TRY IT —
Below is a listing to copy exactly; no image goes into the copy.
*** MATERIAL PROVIDED Section Begins ***
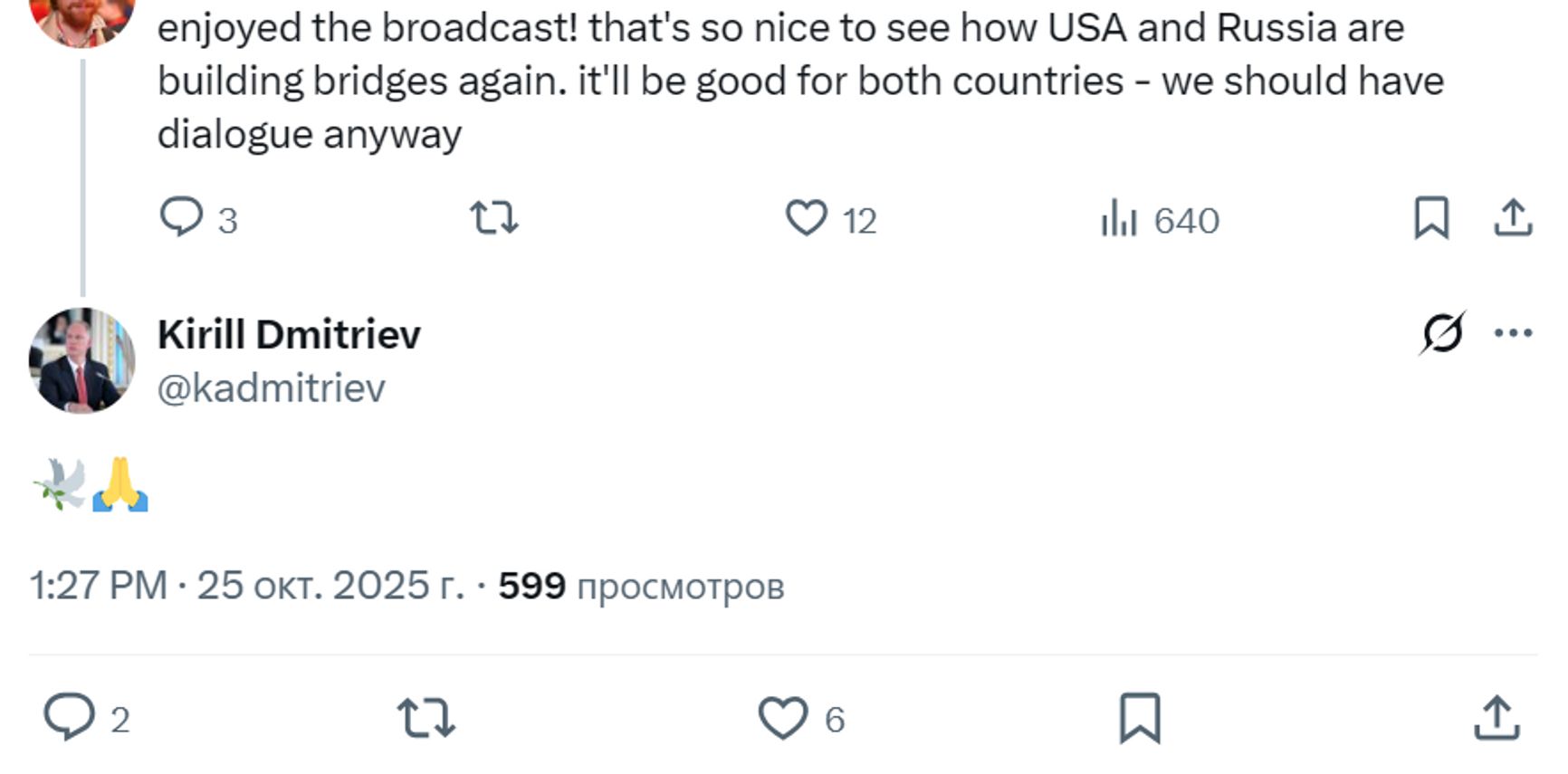 Стоит отметить, что Дмитриев на своей странице в Twitter (X) многократно ругал традиционные западные медиа за предвзятость и отсутствие объективности. В частности он репостнул твит Роберта Ф. Кеннеди со сравнением аудитории консервативных и либеральных спикеров, приписав: «Консервативные идеи доминируют на рынке свободной мысли в социальных сетях, в то время как ложные глобалистские нарративы благополучно живут в цензурированном подземелье традиционных СМИ. Консервативные идеи побеждают, когда их не подавляют». Вероятно, по мнению Дмитриева, ни блокировка Twitter в России, ни повышение популярности определенных идей и их сторонников с помощью ботов и троллей «рынку свободной мысли» не мешают.
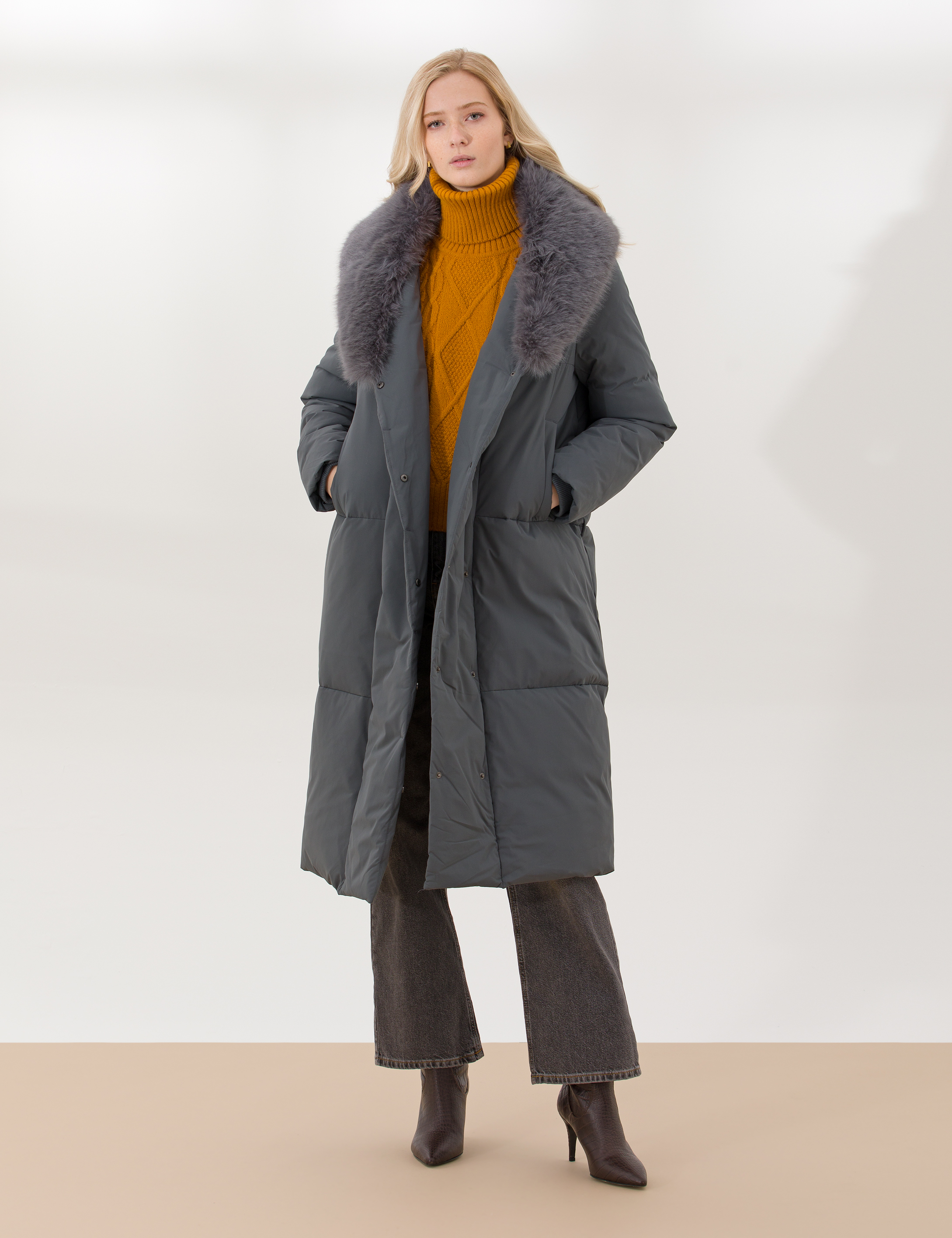 Uzun kesimi sayesinde vücudu tam anlamıyla sarar ve en soğuk günlerde bile sıcacık kalmanızı sağlar. Yaka kısmındaki faux kürk detayı hem estetik dokunuş hem de ekstra sıcaklık sağlar. Montun iç kısmı yumuşak dokulu olup dış katmandan gelen soğuk hava ile iç mekan ısısını dengeler. Yüksek kaliteli fermuar ve düğme kapaması montun pratikliğini artırırken koruma ve kullanım kolaylığı sunar.
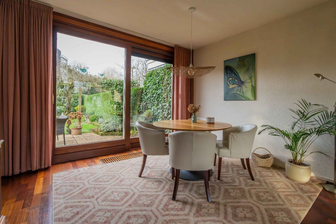 Aan de achterzijde vindt u de keuken met een mooie hoekopstelling, voorzien van inbouwapparatuur. Via de schuifpui en een extra schuifdeur heeft u direct toegang tot de tuin – ideaal voor binnen-buitenleven. Vanuit de eethoek kijkt u prettig naar buiten en heeft u zicht op de tuin.
*** MATERIAL PROVIDED Section Ends ***
EXERCISE RESPONSE —
 Стоит отметить, что Дмитриев на своей странице в Twitter (X) многократно ругал традиционные западные медиа за предвзятость и отсутствие объективности. В частности он репостнул твит Роберта Ф. Кеннеди со сравнением аудитории консервативных и либеральных спикеров, приписав: «Консервативные идеи доминируют на рынке свободной мысли в социальных сетях, в то время как ложные глобалистские нарративы благополучно живут в цензурированном подземелье традиционных СМИ. Консервативные идеи побеждают, когда их не подавляют». Вероятно, по мнению Дмитриева, ни блокировка Twitter в России, ни повышение популярности определенных идей и их сторонников с помощью ботов и троллей «рынку свободной мысли» не мешают.
 Uzun kesimi sayesinde vücudu tam anlamıyla sarar ve en soğuk günlerde bile sıcacık kalmanızı sağlar. Yaka kısmındaki faux kürk detayı hem estetik dokunuş hem de ekstra sıcaklık sağlar. Montun iç kısmı yumuşak dokulu olup dış katmandan gelen soğuk hava ile iç mekan ısısını dengeler. Yüksek kaliteli fermuar ve düğme kapaması montun pratikliğini artırırken koruma ve kullanım kolaylığı sunar.
 Aan de achterzijde vindt u de keuken met een mooie hoekopstelling, voorzien van inbouwapparatuur. Via de schuifpui en een extra schuifdeur heeft u direct toegang tot de tuin – ideaal voor binnen-buitenleven. Vanuit de eethoek kijkt u prettig naar buiten en heeft u zicht op de tuin.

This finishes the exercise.